Я мучился, работая в эфросовской «Дороге», изливал желчь и досаду на Панфилова, работая в его «Гамлете», но много страшней казнить самого себя за свои ошибки, когда ты — автор сценария и режиссер, а стало быть, ответствен за все. За развал производства на двух студиях: ведь ты согласился снимать постановочное кино по Пушкину и подписал с уже разваливающимися студиями договор; это ты, как ни старался, не сумел уговорить директора Петропавловской крепости, не добился съемок отпевания графини в Петропавловском соборе; ты, ты, ты… Но производственный бардак и развал были бы преодолимы, если бы ты сам был до конца уверен в своем замысле, который вынашивал годами, если бы ты сам не разочаровался в собственном сценарии, над которым трудился, как не трудился никогда ни над чем в жизни, ты бы, безусловно, доснял эту ленту, победил всех врагов и выстоял перед любыми трудностями. Ты бы укокошил и отпел проклятую старуху, и ты засандалил бы не себя, а Германна в психушку! Если бы, если бы, если бы…
10 февраля 87-го года,Ленинград. Идут съемки.
Каждая сцена, где не было пушкинского текста, для меня являлась загадкой. В сценарии, как я понимал и чувствовал, было только несколько сцен, которых я не слишком боялся. А может, и загадки никакой не было, просто я не знал, как все это поставить, и обманывал себя и других? Что же тогда со мной было в минуты просветления, когда казалось, что теперь-то уж все ясно? Ведь были же такие минуты, часы, дни и даже гораздо более длительные периоды с момента сдачи кинопроб до нового витка падения! Почему казалось, что в голове у меня уже почти все сложилось и осталось лишь заставить всех это воплотить, несмотря на любые производственные трудности, которые, ей-Богу, не самое главное в искусстве?

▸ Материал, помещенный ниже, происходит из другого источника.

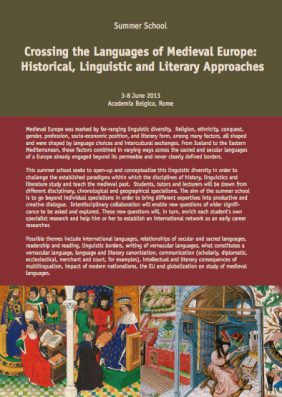 This summer school seeks to open-up and conceptualize this linguistic diversity in order to challenge the established paradigms within which the disciplines of history, linguistics and literature study and teach the medieval past. Students, tutors and lecturers will be drawn from different disciplinary, chronological and geographical specialisms. The aim of the summer school is to go beyond individual specialisms in order to bring different expertises into productive and creative dialogue. Interdisciplinary collaboration will enable new questions of wider significance to be asked and explored. These new questions will, in turn, enrich each student’s own specialist research and help him or her to establish an international network as an early career researcher.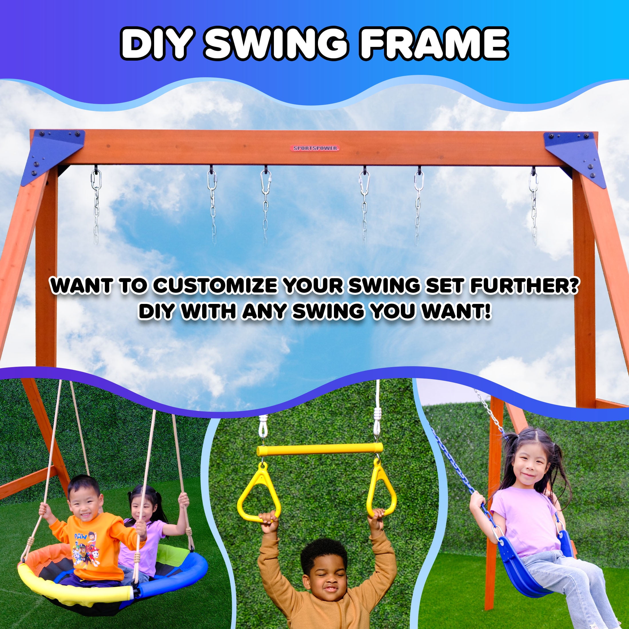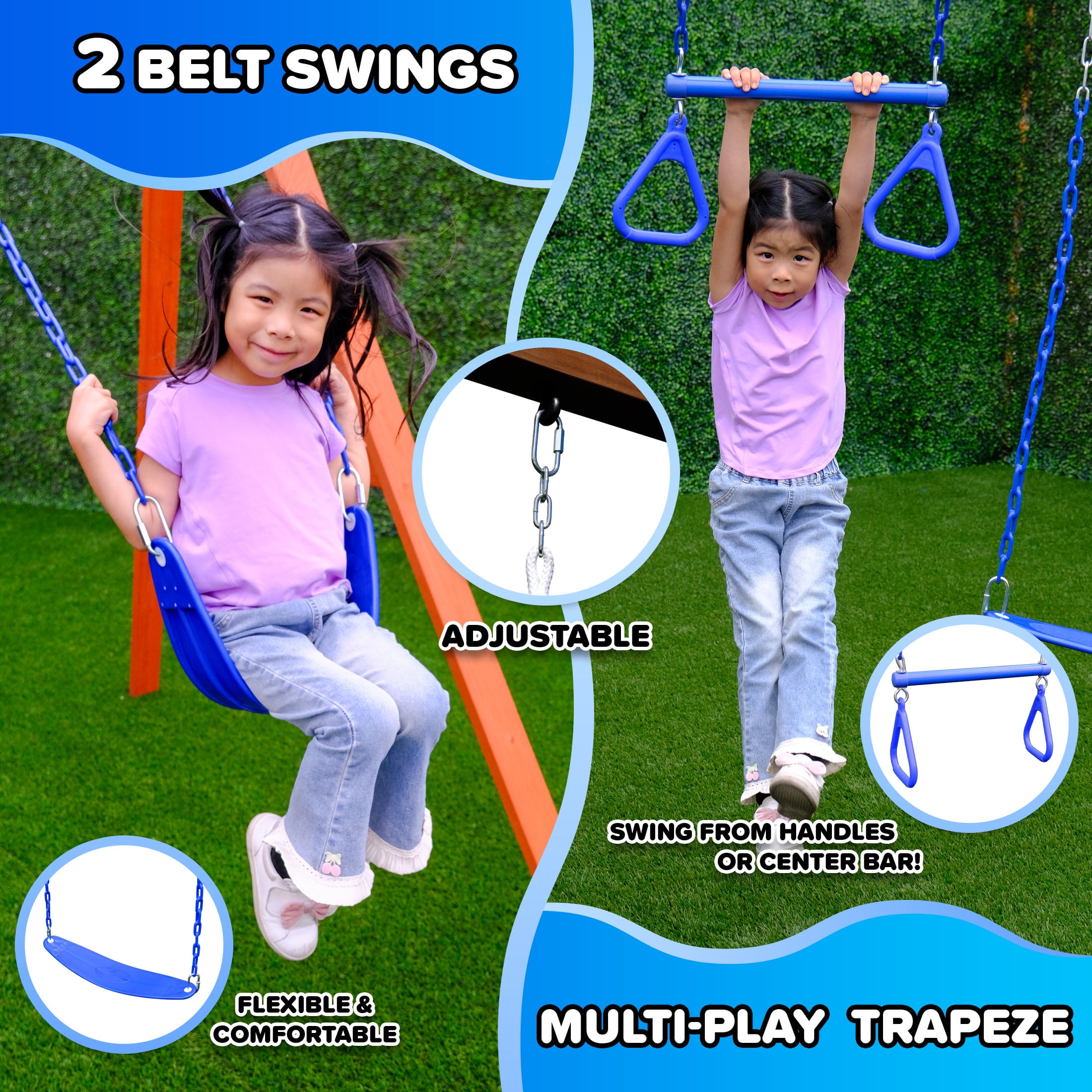 Sturdy frame constructed of heavy-duty wood, denser than other brands on the market Two sling swings with vinyl-coated chain One metal trapeze for acrobatic fun All three swings are adjustable to accomdate growing kids Accomodates up to 3 kids, from 3 to 8 years old Meets or exceeds all ASTM safety standards BONUS 4-PIECE ANCHOR KIT secures swing set to the ground for extra safety & stability

Любой разумный и даже доброжелательно относящийся ко мне человек тогда вправе был задать мне вопросы: о чем ты думал раньше? И в течение многих лет?! Ведь ты уже однажды пришел к точно такому выводу, даже написал теоретическую работу и издал ее: «Почему я не рискнул снимать «Пиковую даму». Работу неглупую, с которой трудно было не согласиться. Мало этого — ты принял участие в телепередаче о несовместимости прозы Пушкина с законами игрового кино! Что же с тобой случилось? Неясно.
В тот период я часто задавал себе вопрос: за какой грех я несу эту тяжкую кару; вот уже год, как терплю эту невыносимую муку, которой нет конца? Ответ был прост: за собственную самонадеянность, за то, что зарвался и решил, что смогу экранизировать и воплотить то, что экранизации неподвластно, что воплощению, разыгрыванию в лицах не подлежит. Я спутал романтическую драму Лермонтова «Маскарад» и написанную все-таки для сцены поэму Гете «Фауст», которые у меня хоть как-то получились в качестве телеспектакля, с прозой Пушкина. Вот и все.
Каждый раз, когда я смотрел подобранный в монтаже материал, я приходил в ужас, и чем больше становилось этого материала, тем ужас мой возрастал. Я видел, чувствовал неорганичность, бессвязность снимаемого мною фильма. Скука, дурной вкус, пошлость и глупость возникали под моими руками. И я был бессилен что-либо изменить! И когда я задумывался над дальнейшими сценами, которые еще только предстояло снимать, — а их ох как много! — я приходил в отчаяние, так как понимал, что и дальше будет происходить то же самое.
Когда-то я понял, что кино — это умение рассказать историю: в пластике, в монтаже, в музыкальных переходах, в сочленениях сложить кинокартину. Одно должно органично вытекать из другого — пусть парадоксально, разнообразно, но не эклектично. Если кадры, сцены начинают драться друг с другом, поставленные рядом, дело ох как плохо. Каждая сцена в отдельности может быть по-своему недурна и даже нравиться в материале, но если она по смыслу, а главное, по стилю неорганична по отношению к предыдущей, последующей, — тогда в будущем фильме начнется распад.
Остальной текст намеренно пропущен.